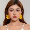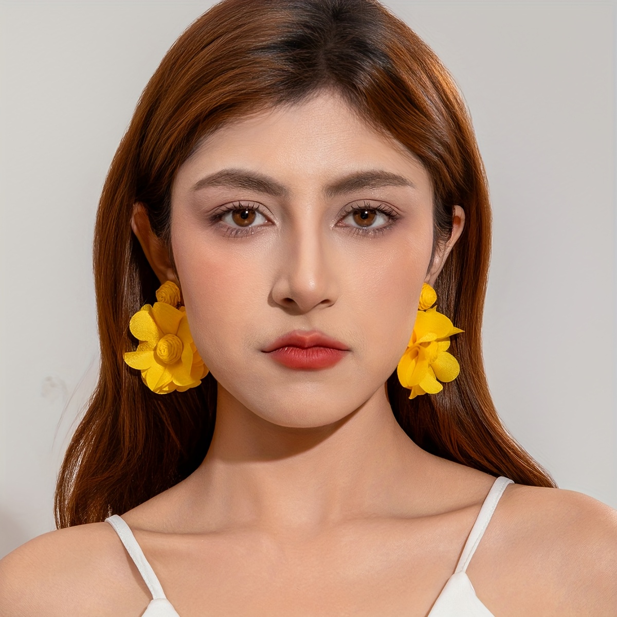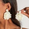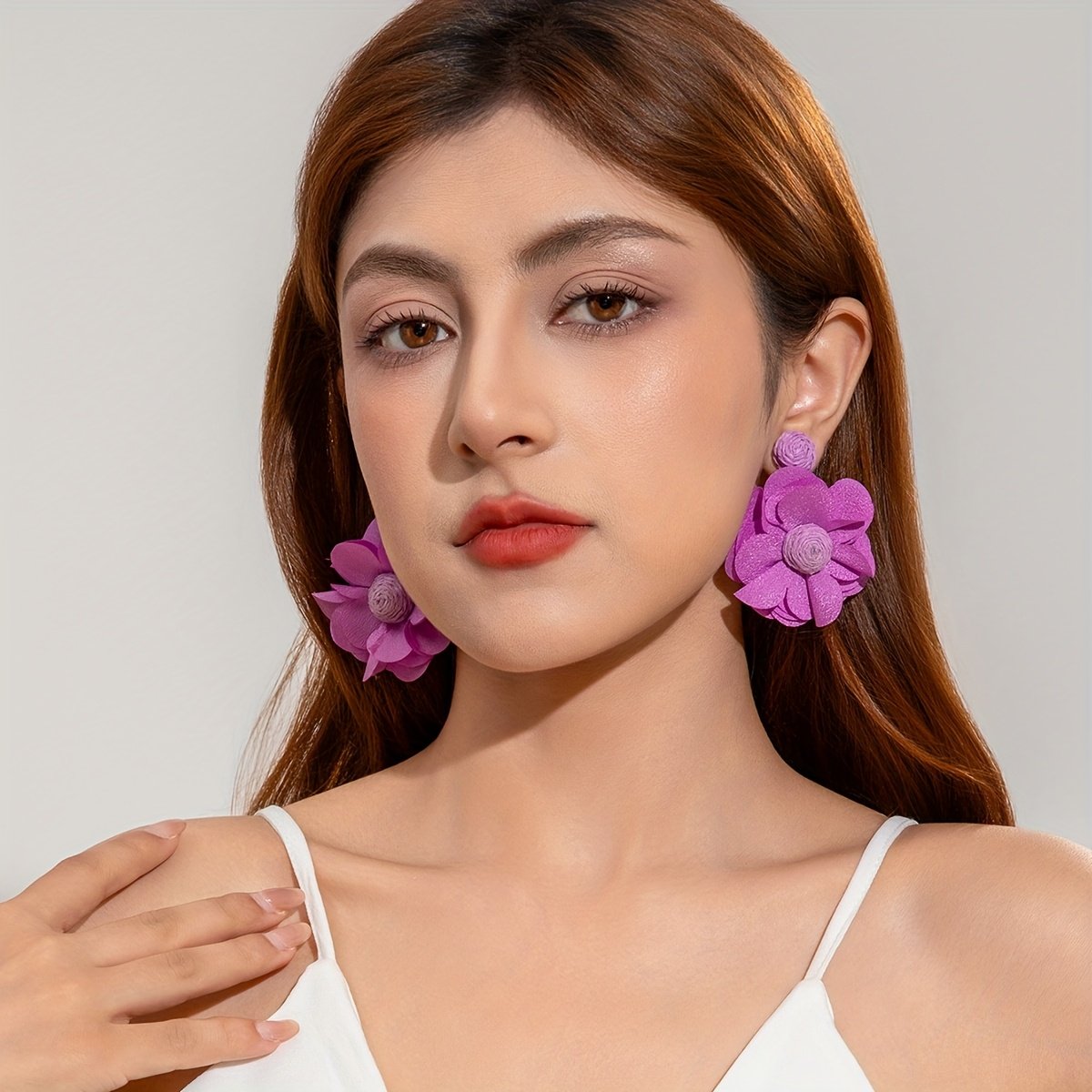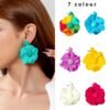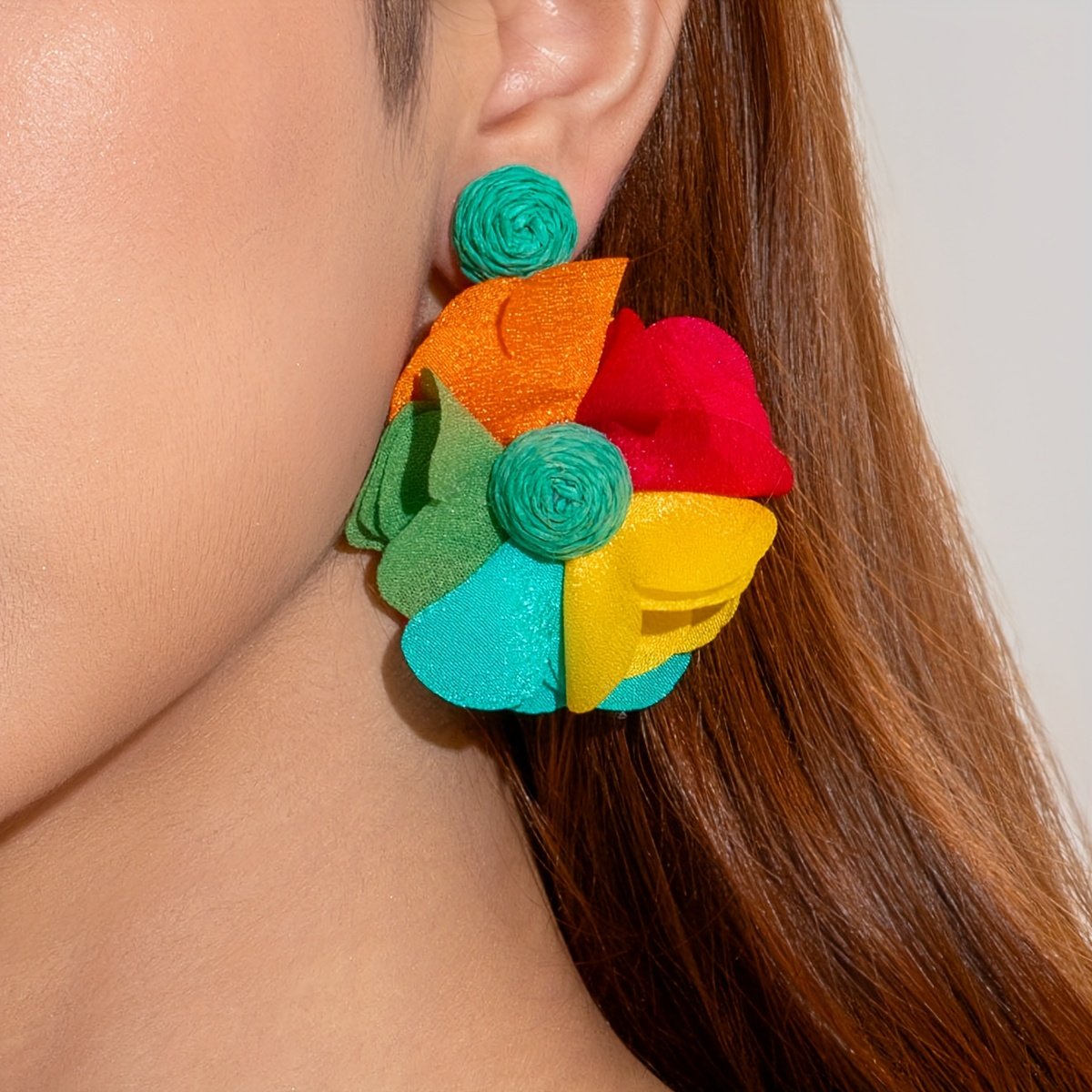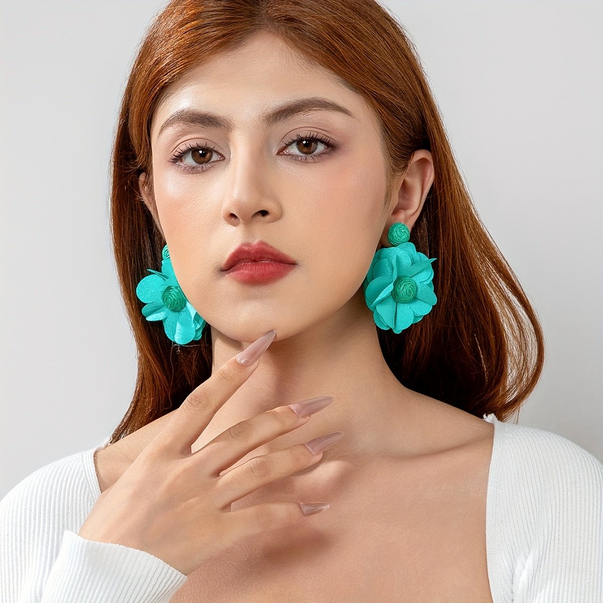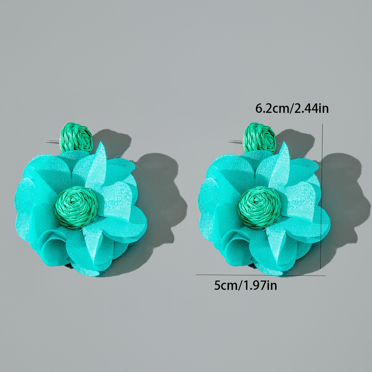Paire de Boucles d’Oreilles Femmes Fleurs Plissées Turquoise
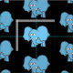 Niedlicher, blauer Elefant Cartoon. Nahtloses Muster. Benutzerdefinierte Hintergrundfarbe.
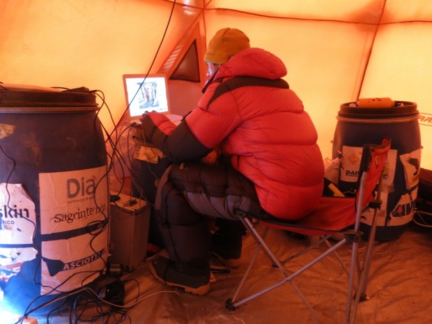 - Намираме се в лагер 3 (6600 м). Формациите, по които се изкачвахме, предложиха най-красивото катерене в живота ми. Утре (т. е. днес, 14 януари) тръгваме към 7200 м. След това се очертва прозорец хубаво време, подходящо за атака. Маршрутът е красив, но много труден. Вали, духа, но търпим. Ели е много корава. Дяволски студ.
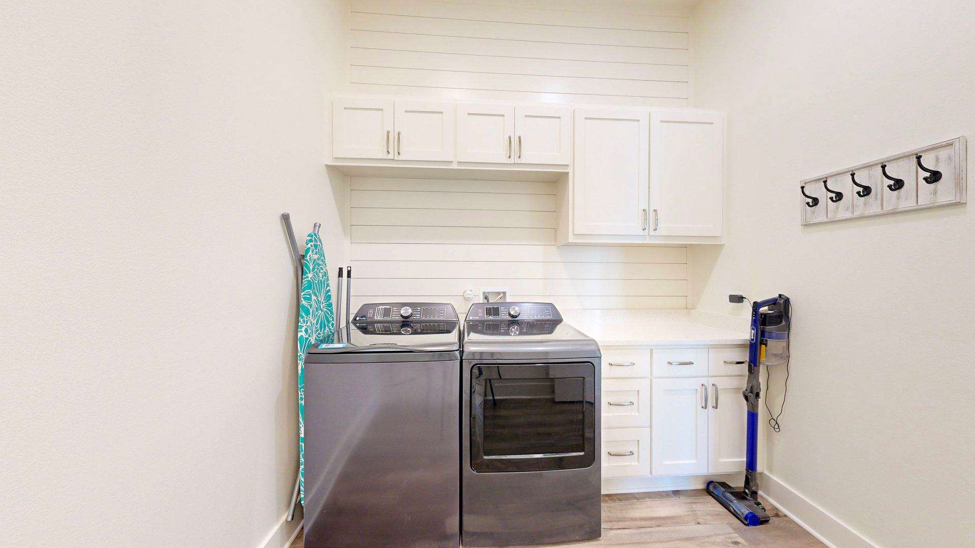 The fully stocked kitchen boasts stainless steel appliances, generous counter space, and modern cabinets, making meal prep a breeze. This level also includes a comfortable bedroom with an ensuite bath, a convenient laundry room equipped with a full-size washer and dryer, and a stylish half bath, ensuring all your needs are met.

EXERCISE BRIEF:
Pictures are to be left out; otherwise, copy exactly each line from the one containing "- Намираме се" through the last line of the listing.

EXPECTED ANSWER:
 - Намираме се в лагер 3 (6600 м). Формациите, по които се изкачвахме, предложиха най-красивото катерене в живота ми. Утре (т. е. днес, 14 януари) тръгваме към 7200 м. След това се очертва прозорец хубаво време, подходящо за атака. Маршрутът е красив, но много труден. Вали, духа, но търпим. Ели е много корава. Дяволски студ.
 The fully stocked kitchen boasts stainless steel appliances, generous counter space, and modern cabinets, making meal prep a breeze. This level also includes a comfortable bedroom with an ensuite bath, a convenient laundry room equipped with a full-size washer and dryer, and a stylish half bath, ensuring all your needs are met.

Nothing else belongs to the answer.